**AIM OF THE EXERCISE:** The full listing, excluding its pictures, should be printed exactly as it stands.

**SOURCE DATA:**
════════
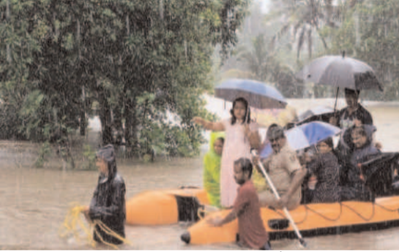
सुरक्षा सुनिश्चित करने के लिए एहतियाती कदम उठाते हुए यह फैसला लिया गया है। डीडीपीआई सूचकांक मंद्ने ने एक परिपत्र जारी कर इस आदेश को लागू किया है। भारी बारिश को देखते हुए जिला कलेक्टर ने स्कूलों में दो दिन की छुट्टी घोषित कर दी है। बच्चों की

जलाशयों से लगातार पानी छोड़े जाने के कारण भीमा नदी का जलस्तर खतरनाक स्तर पर पहुंच गया है। देवगांव स्थित अंजनेय मंदिर पूरी तरह जलमग्न हो गया है। पुराना थावरखेड़ा गाँव, गंगापुर संगम क्षेत्र स्थित परायण मंडप, फडगुरा गाँव स्थित पशुपालन अस्पताल और महुरा गाँव समेत कई इलाके जलमग्न हो गए हैं। यादगिरी जिले के वडगेरा तालुका में गुरुसगरी ब्रिज कंपनी बैराज से भीमा नदी में 3.5 लाख क्यूसेक पानी छोड़ा गया है। बाढ़ में फंसे 8 लोगों को सिंदगी अनिशमन दल ने बचाकर सुरक्षित स्थान पर पहुंचाया है। भीमा नदी का पानी यादगिरी और रायचूर जिलों के कुछ गाँवों में घुस गया है, जिससे सड़क संपर्क टूट गया है।
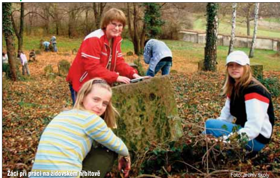
Žáci při práci na židovském hřbitově
════════
**ANSWER FOR THE TASK:**
सुरक्षा सुनिश्चित करने के लिए एहतियाती कदम उठाते हुए यह फैसला लिया गया है। डीडीपीआई सूचकांक मंद्ने ने एक परिपत्र जारी कर इस आदेश को लागू किया है। भारी बारिश को देखते हुए जिला कलेक्टर ने स्कूलों में दो दिन की छुट्टी घोषित कर दी है। बच्चों की

जलाशयों से लगातार पानी छोड़े जाने के कारण भीमा नदी का जलस्तर खतरनाक स्तर पर पहुंच गया है। देवगांव स्थित अंजनेय मंदिर पूरी तरह जलमग्न हो गया है। पुराना थावरखेड़ा गाँव, गंगापुर संगम क्षेत्र स्थित परायण मंडप, फडगुरा गाँव स्थित पशुपालन अस्पताल और महुरा गाँव समेत कई इलाके जलमग्न हो गए हैं। यादगिरी जिले के वडगेरा तालुका में गुरुसगरी ब्रिज कंपनी बैराज से भीमा नदी में 3.5 लाख क्यूसेक पानी छोड़ा गया है। बाढ़ में फंसे 8 लोगों को सिंदगी अनिशमन दल ने बचाकर सुरक्षित स्थान पर पहुंचाया है। भीमा नदी का पानी यादगिरी और रायचूर जिलों के कुछ गाँवों में घुस गया है, जिससे सड़क संपर्क टूट गया है।
Žáci při práci na židovském hřbitově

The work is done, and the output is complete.